Tuesday, December 11, 2007

Drugs in the workplace

There was a piece in the New York Times Magazine in November entitled "Dr. Drug Rep" by Doctor Daniel Carlat who discussed the interplay of drug companies and physicians, and his own evolution concerning the appropriateness of aspects of that relationship. I thought it was a fascinating article.

Then, this past week, the Magazine published a letter to the editor from Dr. Amy N. Ship, a superb internist in our hospital's primary care practice. Here it is, in case you missed it. Strongly held beliefs, clearly presented.

Even without Dr. Carlat's delayed recognition of the positive spin Wyeth clearly expected him to put on its product, why did it take a year for him to realize that he was being paid and pampered to sell a product? How could he seemingly miss the obvious: that his M.D. and credentials provided for Wyeth a patina of legitimacy that its drug reps couldn't muster independently? Why did it take him so long (while he amassed $30,000) to see that his position was morally corrupt?

The "lessons" that he reputedly learned are not new or unique. I'm proud to work in a medical practice where pharmaceutical representatives are not permitted.

5 comments:

NASOV said...

I'm glad Dr. Ship wrote that letter. In Dr. Carlat's self-congratulatory journey, he ignores the residual ripples of all of this marketing on the PATIENTS. Because psychopharmacology is still an infant field - and because it's patients are often in such pain - positive data feels like a lifeline to doctor and patient alike. He sold false hope and put people through the difficult task of trying a new drug on themselves.

Ileana said...

Paul,

Here is Dr. Carlat's blog with the continuation of this story.

http://carlatpsychiatry.blogspot.com/

I think that the current evolution will have a much bigger impact on the whole problem than it would have had if he just gave up the job up front.

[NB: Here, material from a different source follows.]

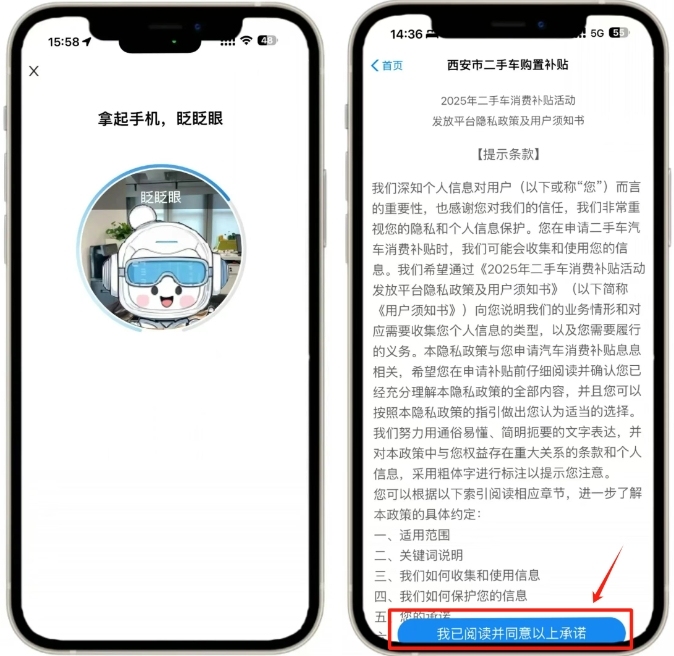 在【首页】点击轮播图【二手车购置补贴】或下方图标,点击【同意并授权】进入活动页面。

For the public, this story was new (more like: it is actually even worse than I imagined) even if the medical community already knew all this.

Anonymous said...

I think it's fascinating that such a fascinating article generated so little response. Methinks that this is an issue that docs don't want to confront -- even pizza, rather than cavier, is better than no free lunch at all...

What are the pharm rep policies at your system?

Paul Levy said...

See Dr. Ship's letter...

Anonymous said...

In response on why it took Dr. Carlat a year, that's the power of money and fame.

It took me close to ten years as a pharmaceutical executive before I acquired awareness of the nature of my vocation.